Bringing these processes together, Thelen (2004, pp. 290–291) argues that, while institutions do ‘affect the interests and strategic options available to various groups’, institutions are not simply static and remain constantly open to challenge and political contestation, and ‘changes in the political coalitions on which they rest hold the key to understanding significant shifts over time in the form institutions take and the functions they perform’. Hall (2016) builds on this notion of coalitions, as mentioned previously, in this case arguing that while gradual ‘reform from above’ may well be continuous within institutions, a coalition of sufficient strength is required to bring about more significant institutional change. While this might involve gaining support for abandoning established policies and agreeing on reforms, Vatn (2015) suggests that existing institutional configurations and rules can suppress the ability of actors to articulate their interests and succeed in having them accepted as legitimate concerns or grounds for change within the political process.
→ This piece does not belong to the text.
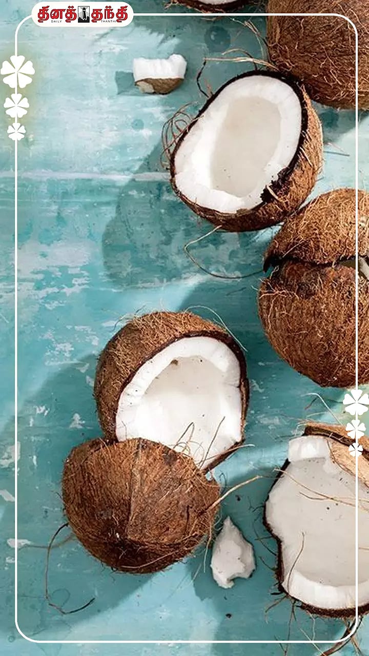 தேங்காயில் லாரிக் அமிலம் நிறைந்துள்ளது. இது ரத்தத்தில் நல்ல கொழுப்பை அதிகரித்து, இதய ஆரோக்கியத்தை மேம்படுத்துகிறது..கெட்ட கலோரிகளை எரித்து ஆரோக்கியமான எடை மேலாண்மைக்கு வழிவகுக்கிறது..ரத்தத்தில் சர்க்கரை அளவைக் கட்டுப்படுத்தவும், நோய் எதிர்ப்பு சக்தியை அதிகரிக்கவும் உதவுகிறது..தேங்காய் உடலில் ஆக்ஸிஜனேற்ற அழுத்தத்தை எதிர்த்துப் போராட உதவும் பீனாலிக் கலவைகளை கொண்டுள்ளது..நார்ச்சத்து நிறைந்துள்ளது, செரிமான ஆரோக்கியத்தை மேம்படுத்துகிறது மற்றும் குடல் இயக்கத்தை ஊக்குவிக்கிறது..தோல் மற்றும் முடி பராமரிப்புக்கும் தேங்காய் முக்கிய பங்காற்றுகிறது.

This is required to overcome the power held by actors or coalitions with a stake in preserving the advantage they gain from the prevailing institutional structure. This conception of interplay between small-scale changes that preserve actors’ positions within an institution, and the building up of discontent, legitimacy and momentum to overcome the power of established coalitions that have shaped the existing institutional structure, appears to be a much closer fit with the consistent North-South dynamics commonly associated with the UNFCCC. However, the micro-processes involved in the widespread stability and few instances of institutional change initially observable in the history of UNFCCC climate finance and the way institutional changes relate to and affect actors’ preferences remain in need of systematic examination.